• Task to carry out: Once you find the line below that has "Неделя часов LVMH", output it and every line after it exactly, stopping after the line that has "Білі розмір 33", with no pictures.

• Given data:
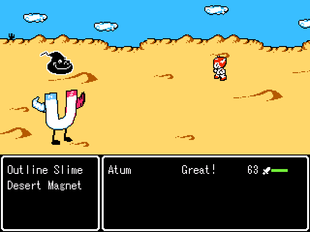 Ghosts of Aliens is a short(Probably 5 hours) role playing rpg game that follows the adventures of Atum and an old man named Gwaldin, and later 3 other heroes. On October 1st, 1963, an alien ship crashes on the planet of Appalathia, in a desert near the town of Roswell. For 5 years, the alien inside this ship lives off of rations and eventually dies becoming the ghost of an alien. Gwaldin, the old man, tells of a prophecy that a hero would crash from the sky down to the world of Appalathia and defeat the 5 Doom Beasts that are scattered across the world.
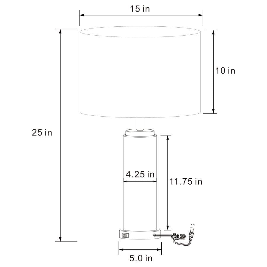 Classic luxury meets modern in a charming table lamp built for a sophisticated living space. A white marble column centers the lamp, offering luxe energy and appeal in any setting, from a nightstand to a server and beyond. Soft gold accents enhance the lamp with hints of warmth. A textured white drum shade sits on top for true, diffused illumination from an included 9W LED bulb that's energy efficient. A clever USB port is built into the base of the lamp, easily turned to the wall for a seamless look while providing easy access to charge your electronics in a modern living area or bedroom.
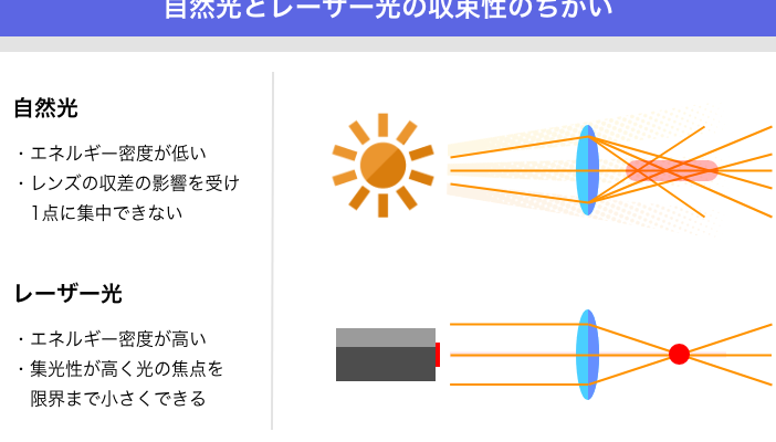 - 集束性:雷射光は、非常に細いビームに収束します。これにより、特定の対象に対して高いエネルギー密度を提供できます。
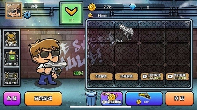 1、每个场景中都有隐藏的武器可以收集,充满热血的和激情的战斗,枪王之王的诞生。
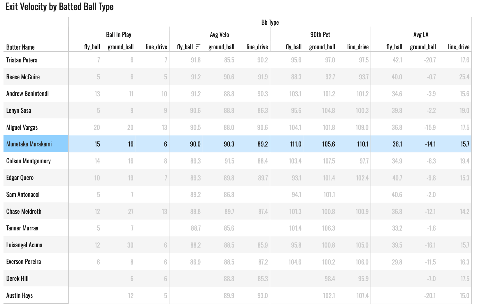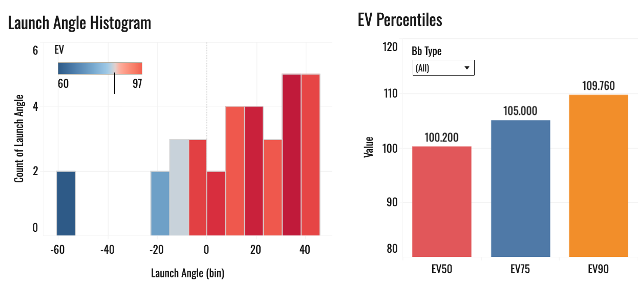 He’s hitting very few balls directly into the ground, which is good. And the hardest contact is all in the air. His EV90 on fly balls is elite at 111, and elite on line drives at 110.1. On grounders, it’s not as good at 105.6. That’s not a problem, and I think it’s just a sign that the swing is fully tuned for hitting homers.
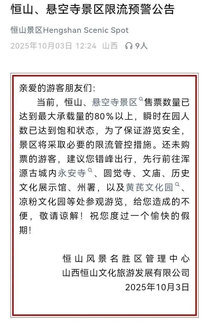 恒山、悬空寺限流预警公告
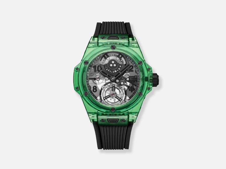 Неделя часов LVMH не была бы неделей часов LVMH, если бы Hublot не представил что-то безумное, и в этом году это были часы Big Bang Tourbillon Automatic Green Saxem. Эти 44-миллиметровые часы с зелёным сапфировым стеклом не только трудно поддаются описанию, но и примечательны сами по себе. Изготовленные из SAXEM — материала, родственного сапфиру, который, по утверждению Hublot, обладает более высокой светоотдачей и цветовой гаммой, — часы Big Bang Tourbillon Automatic имеют прозрачный корпус, механизм с автоподзаводом и выпущены ограниченным тиражом в 18 экземпляров.
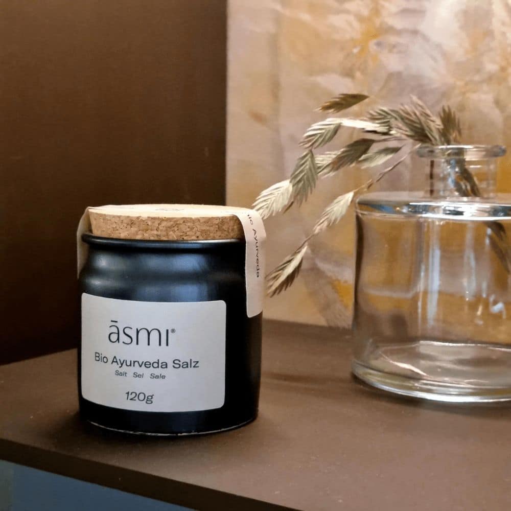 Das Organic Ayurveda Salt von Asmi ist ein 100% natürliches Meersalz aus Italien. Das Salz ist mit handverlesenen Bio-Ayurveda-Kräutern wie Tulsi, Kreuzkümmel und Bockshornklee kombiniert und wird so zum Asmi Kräutersalz.
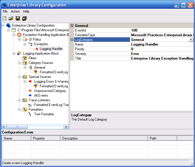 6.選擇Exception Handling Application Block | UI Policy | Exception | Logging Handler節點,并設置如下屬性。
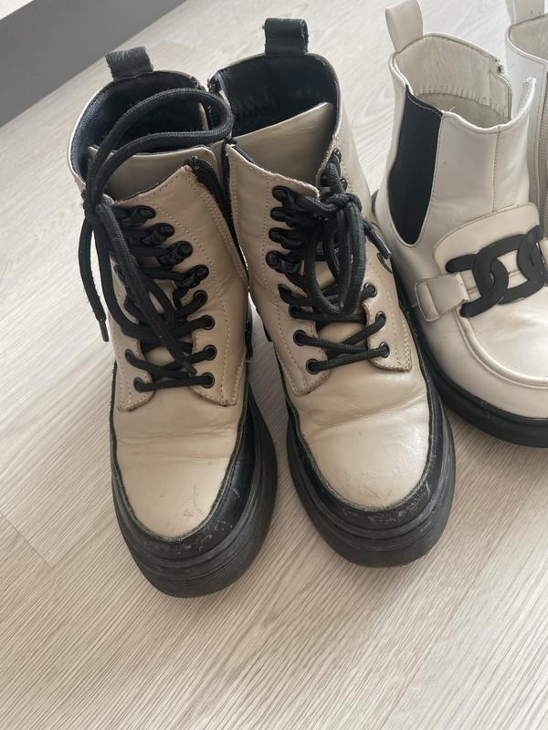 Білі розмір 33 Коричневі 32 але як на мене то йде на 33 Трішки здерті носочки
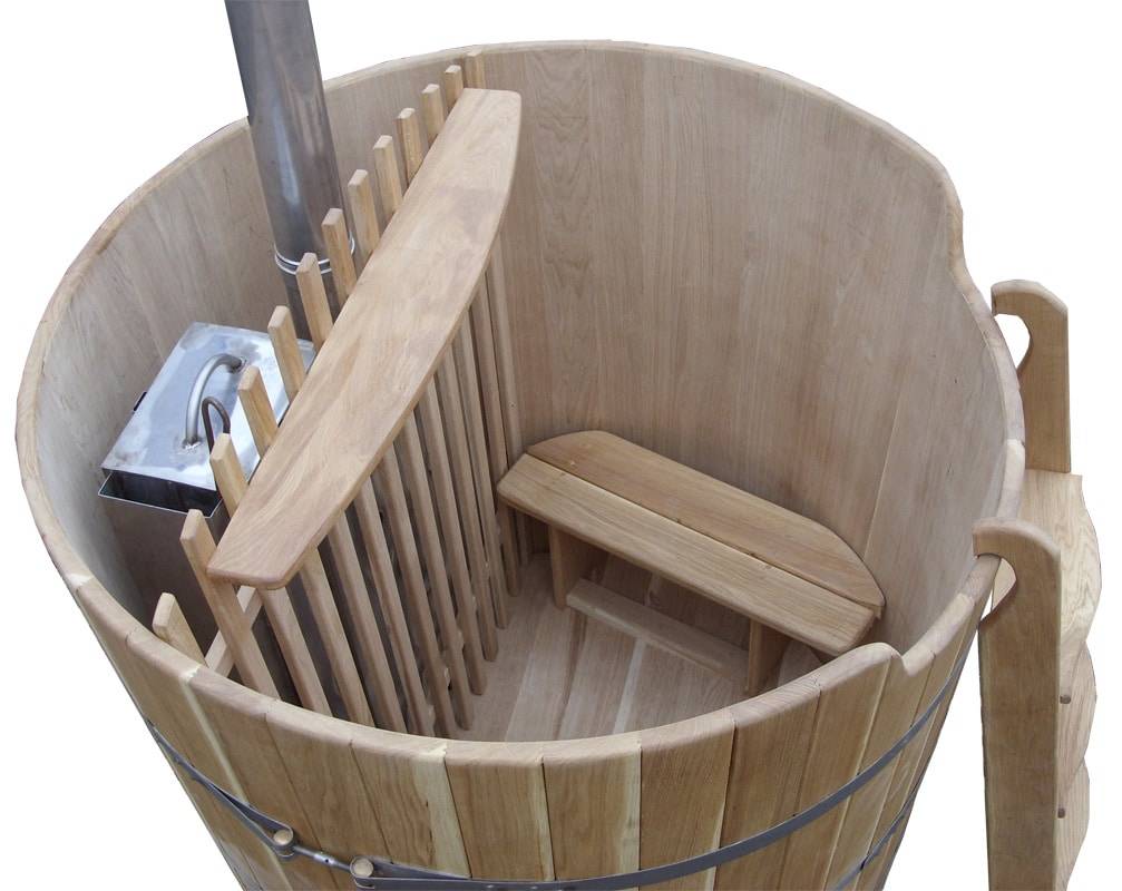 - Офуро. Одноместная мини-баня с подогревом из Японии. Полубочку размещают вертикально, в ней устанавливают сиденье и систему подогрева воды. Офуро часто размещается на открытом воздухе, в этом случае бочка закрывается сверху крышкой с вырезом для головы.

• Output of the exercise:
 Неделя часов LVMH не была бы неделей часов LVMH, если бы Hublot не представил что-то безумное, и в этом году это были часы Big Bang Tourbillon Automatic Green Saxem. Эти 44-миллиметровые часы с зелёным сапфировым стеклом не только трудно поддаются описанию, но и примечательны сами по себе. Изготовленные из SAXEM — материала, родственного сапфиру, который, по утверждению Hublot, обладает более высокой светоотдачей и цветовой гаммой, — часы Big Bang Tourbillon Automatic имеют прозрачный корпус, механизм с автоподзаводом и выпущены ограниченным тиражом в 18 экземпляров.
 Das Organic Ayurveda Salt von Asmi ist ein 100% natürliches Meersalz aus Italien. Das Salz ist mit handverlesenen Bio-Ayurveda-Kräutern wie Tulsi, Kreuzkümmel und Bockshornklee kombiniert und wird so zum Asmi Kräutersalz.
 6.選擇Exception Handling Application Block | UI Policy | Exception | Logging Handler節點,并設置如下屬性。
 Білі розмір 33 Коричневі 32 але як на мене то йде на 33 Трішки здерті носочки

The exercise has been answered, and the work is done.